A mistrial was declared this week in the case of a Virginia man who accused the Roman Catholic Diocese of Burlington, Vermont of negligence for the alleged actions of one of its priests.

Chittenden County Superior Court Judge Ben Joseph declared the mistrial Monday at the request of lawyers for James Turner, 46, of Virginia Beach, Va., saying Diocesan lawyer David Cleary violated a pretrial ruling.

Turner sued former Alfred Willis and the Diocese over a 1977 incident in which he said the former priest performed a sex act and attempted again another time. Willis settled out of court and was removed as a defendant in the case.

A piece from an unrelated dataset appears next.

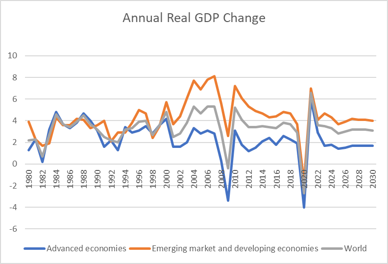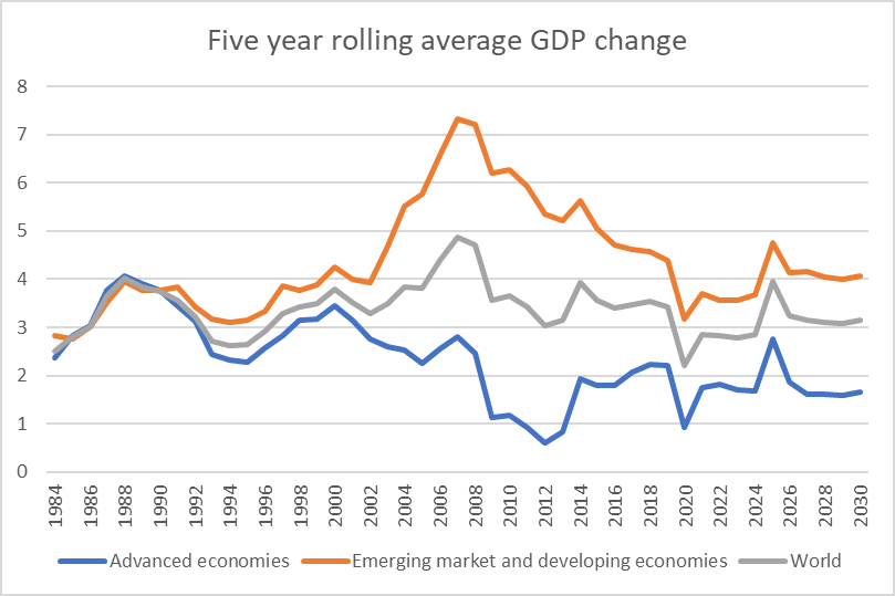Sometimes it is worth steeping back for a moment and looking at the bigger picture. The IMF’s data series begin in 1980, so by plugging in the historical outturns back to 1980 and the forecast numbers for 2025 to 2030 one can take a look at fifty years of economic history in one chart.
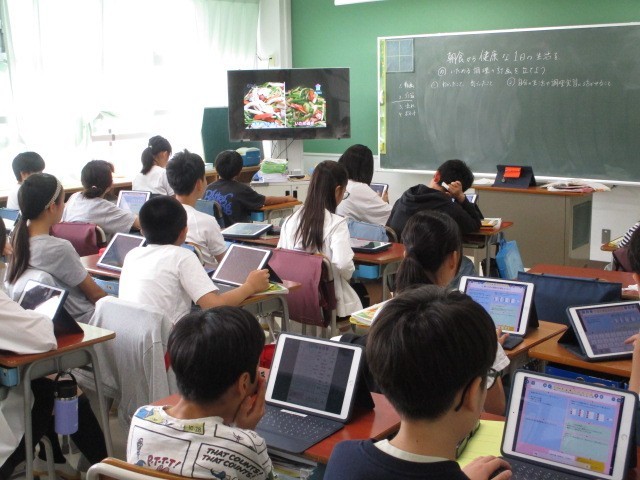 朝食から一日の健康な生活を~6年 公開日 2025/05/08 更新日 2025/05/08 今日のできごと 家庭科の学習です。バランスのよい炒めるおかずを考え、炒める調理の計画を考えていきます・・・・

The sudden end one week into the trial came as a result of a series of questions by Cleary, who cross-examined Turner about the relationship between the victim’s brother, Bernard Turner, and Willis.

Joseph said Cleary violated a pretrial ruling dealing with limits on questions that could be asked about the nature of the relationship. Turner’s lawyers had moved for the mistrial, saying the questions put to Turner denied them a fair trial.

Turner, formerly of Derby, wept in court when Joseph announced the decision. Both sides said they were disappointed.

“I think it was unfounded, unfair and precipitous,” Cleary said.

Diocesan lawyers had been unhappy with Joseph’s pretrial rulings in the case, including a June 14 ruling that allowed Turner’s lawyers to bring up the diocese’s handling of other sex abuse cases that the diocese contends are unrelated to the Turner complaint.

In his opening statement to jurors last week, diocesan attorney Thomas McCormick repeatedly told them that whatever they heard about the diocese and other claims during testimony, they should remember they were being asked only to decide the case involving Turner and Willis.

“We will have a different judge, with a different perspective on the case,” Cleary said outside court, referring to a retrial.

Jerome O’Neill, one of Turner’s lawyers, said he never saw such a blatant violation of a pretrial ruling. He said he would seek to have the diocese found liable for the attorneys’ fees and expenses incurred by Turner.

In his suit, Turner said Willis — who has since been defrocked — molested him as they slept with several other people in a Latham, N.Y., hotel room after attending an ordination ceremony for Bernard Turner.

James Turner was 16 at the time.

About six months later, Willis tried to do it again while visiting Turner’s family home in Derby, according to the suit. Turner didn’t tell the diocese until 2002, when he called and then wrote a letter describing the incidents, saying he wanted the diocese to provide the financial backing for him to receive treatment for the emotional damage he sustained.